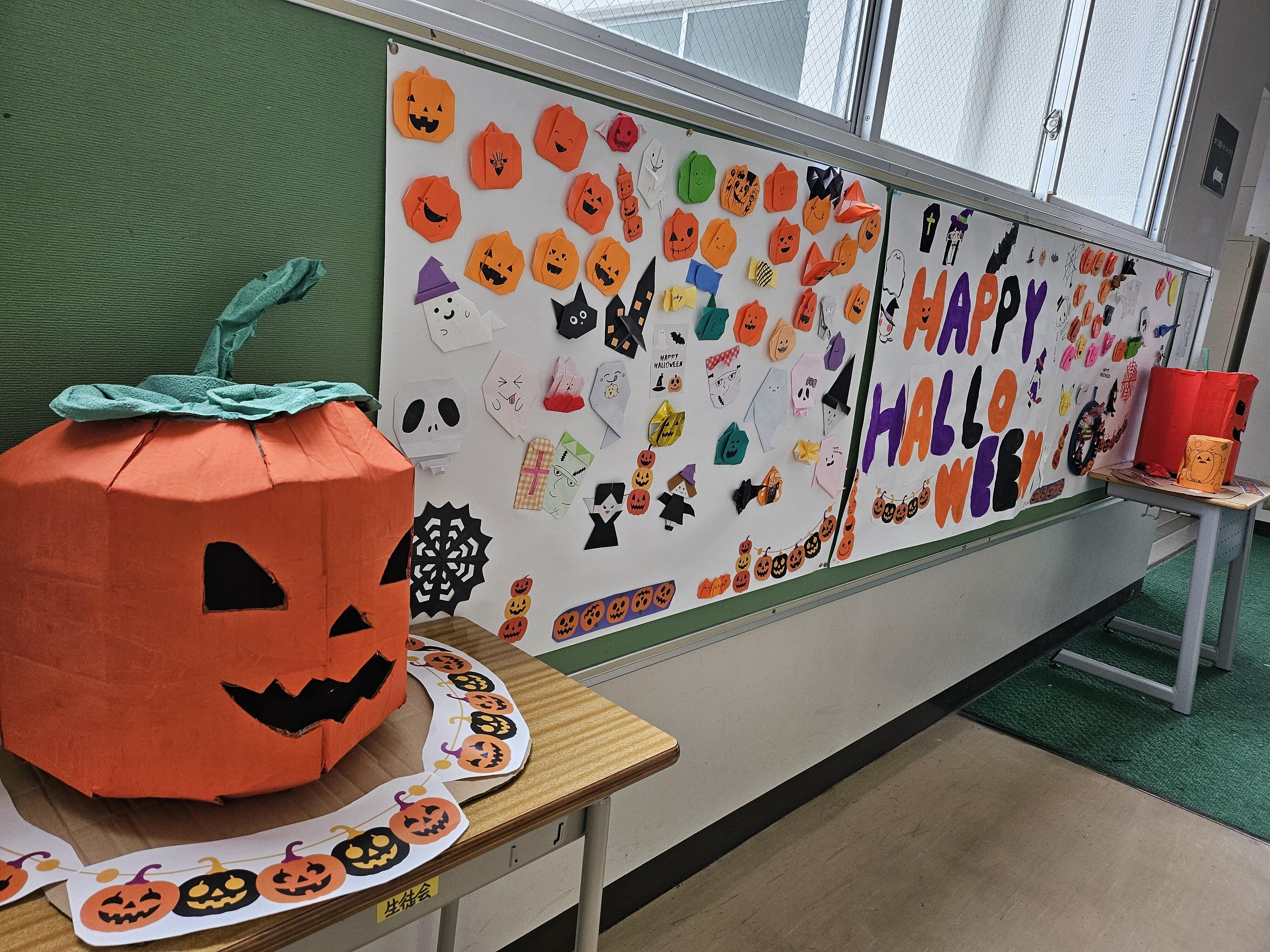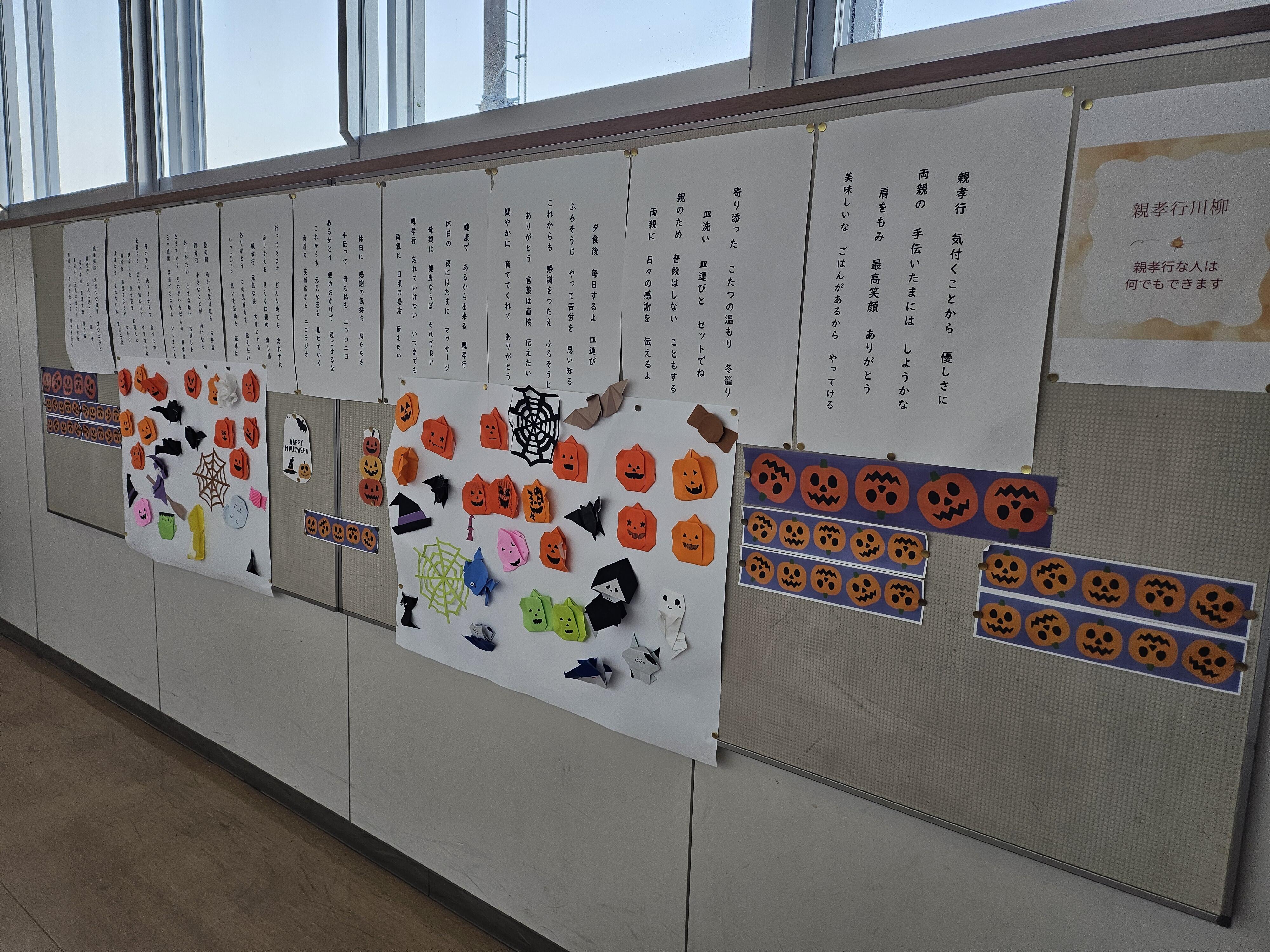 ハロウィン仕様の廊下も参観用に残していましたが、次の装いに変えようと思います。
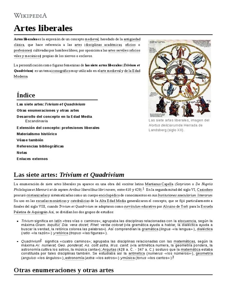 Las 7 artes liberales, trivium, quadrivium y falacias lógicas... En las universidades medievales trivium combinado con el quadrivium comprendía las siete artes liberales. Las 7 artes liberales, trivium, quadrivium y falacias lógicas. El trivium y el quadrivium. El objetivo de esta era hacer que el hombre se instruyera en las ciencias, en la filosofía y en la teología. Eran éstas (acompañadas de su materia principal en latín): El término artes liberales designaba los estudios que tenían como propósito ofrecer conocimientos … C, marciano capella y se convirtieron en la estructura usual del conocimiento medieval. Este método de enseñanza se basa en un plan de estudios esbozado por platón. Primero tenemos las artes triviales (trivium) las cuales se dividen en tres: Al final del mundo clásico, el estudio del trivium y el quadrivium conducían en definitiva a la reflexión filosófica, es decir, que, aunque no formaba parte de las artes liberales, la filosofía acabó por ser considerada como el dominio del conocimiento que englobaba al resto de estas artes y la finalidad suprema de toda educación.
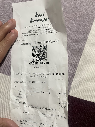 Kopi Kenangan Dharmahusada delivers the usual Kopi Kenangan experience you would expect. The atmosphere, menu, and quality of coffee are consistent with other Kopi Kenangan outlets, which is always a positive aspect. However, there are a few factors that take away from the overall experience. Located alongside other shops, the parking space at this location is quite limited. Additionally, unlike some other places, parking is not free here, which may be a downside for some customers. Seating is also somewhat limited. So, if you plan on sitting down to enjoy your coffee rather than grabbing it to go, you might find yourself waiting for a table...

The task
What is needed is an exact copy of each line from the top of the data above through the line containing "Las 7 artes liberales, trivium, quadrivium y falacias lógicas...", with no pictures.

Final answer
 ハロウィン仕様の廊下も参観用に残していましたが、次の装いに変えようと思います。
 Las 7 artes liberales, trivium, quadrivium y falacias lógicas... En las universidades medievales trivium combinado con el quadrivium comprendía las siete artes liberales. Las 7 artes liberales, trivium, quadrivium y falacias lógicas. El trivium y el quadrivium. El objetivo de esta era hacer que el hombre se instruyera en las ciencias, en la filosofía y en la teología. Eran éstas (acompañadas de su materia principal en latín): El término artes liberales designaba los estudios que tenían como propósito ofrecer conocimientos … C, marciano capella y se convirtieron en la estructura usual del conocimiento medieval. Este método de enseñanza se basa en un plan de estudios esbozado por platón. Primero tenemos las artes triviales (trivium) las cuales se dividen en tres: Al final del mundo clásico, el estudio del trivium y el quadrivium conducían en definitiva a la reflexión filosófica, es decir, que, aunque no formaba parte de las artes liberales, la filosofía acabó por ser considerada como el dominio del conocimiento que englobaba al resto de estas artes y la finalidad suprema de toda educación.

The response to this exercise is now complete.